The hurricane would also mix the oil and possibly spread it around the Gulf, said Jeff Masters, founder of Weather Underground Inc. in Ann Arbor, Michigan.
The concept of “oil rain” is based on the idea that “micro-droplets” of oil will be small enough to be be sucked into a developing storm. And what is one of the primary methods being used in the Gulf right now? “Dispersants” that break oil into micro-droplets.
These chemicals are an unknown quantity in this spill, says Project Nola.com:
Basically, dispersants work the same way dishwashing liquid works on grease.
When applied at the surface, they break up the oil into tiny droplets, before it’s consumed by micro-organisms.
But it’s never been used 5000 feet below the sea’s surface to try to break up oil before it rises.
“This is a real novel new idea that is unique to this one incident to consider injecting dispersents at the sea floor to try to enhance the mitigation, the dispersion at the surface,” says Charlie Henry, a scientist with NOAA.

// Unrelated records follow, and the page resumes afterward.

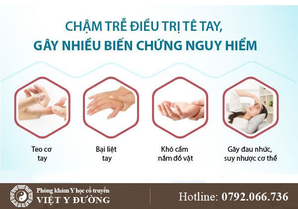 Tê tay dễ điều trị ở giai đoạn đầu, chi phí thấp. Khi có biến chứng, điều trị phức tạp và tốn kém hơn. Do đó phát hiện triệu chứng sớm và điều trị kịp thời sẽ giúp bảo vệ sức khỏe.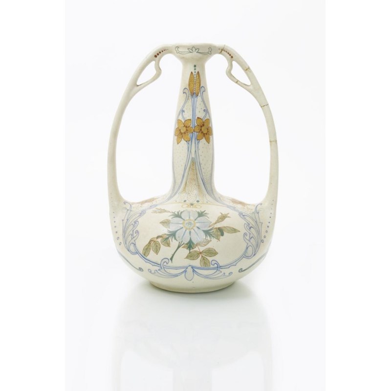 An Art Nouveau Arnhem pottery vase, the compressed body with pierced, slender twin-handles, painted with panels of flowers and foliage, in colours on a matt cream ground, printed and painted marks, JK monogram 177, one handle repaired,. 33cm. high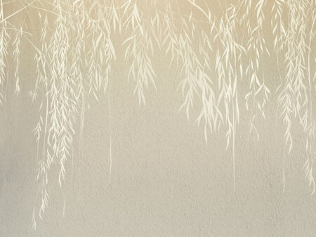 Papier peint branches blanches fragiles avec feuilles sur un mur en béton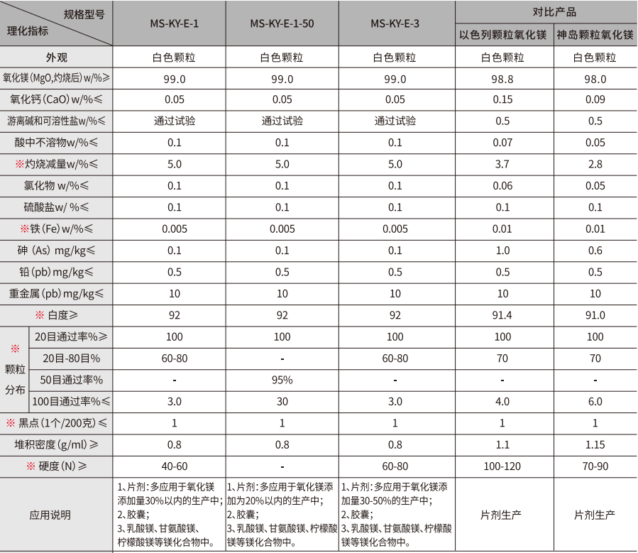 產品描述:本品為白色顆粒,無臭、無味、無毒,在空氣中容易吸收水分和二氧化碳,溶于酸,幾乎不溶于水應用行業(yè):廣泛應用于食品、保健品、醫(yī)藥行業(yè)片劑、膠囊劑、甘氨酸鎂、檸檬酸鎂等的生產加工

Another likely problem? That the oil spill will get sucked into a current that could take oil as far north as North Carolina, dropping oil along thousands of miles of new coastline. More from Accuweather:
The Loop Current, located in the southeastern Gulf of Mexico, is a concern, as it links to the Gulf Stream, which carries warm water northward along the Atlantic Seaboard.
In theory, if the oil slick were to get caught in the Loop Current, it could be transported to the Gulf Stream around Florida waters, then up part of the East Coast, potentially impacting wildlife and shoreline communities along the way.
Right now, Bloomberg says winds have changed and are pushing the slick towards Louisiana and its wetlands, instead of towards Florida. At this point, however, in either place, there is little the average person can do with hurricane season looming, except hope the oil leak gets plugged and that the hopeful predictions are true. From mysuncoast.com:
“You can try to support and take action, you can donate money or hours or whatever, but a lot of it is looking at the heavens and praying,” says Lido Key resident Nigel Mould.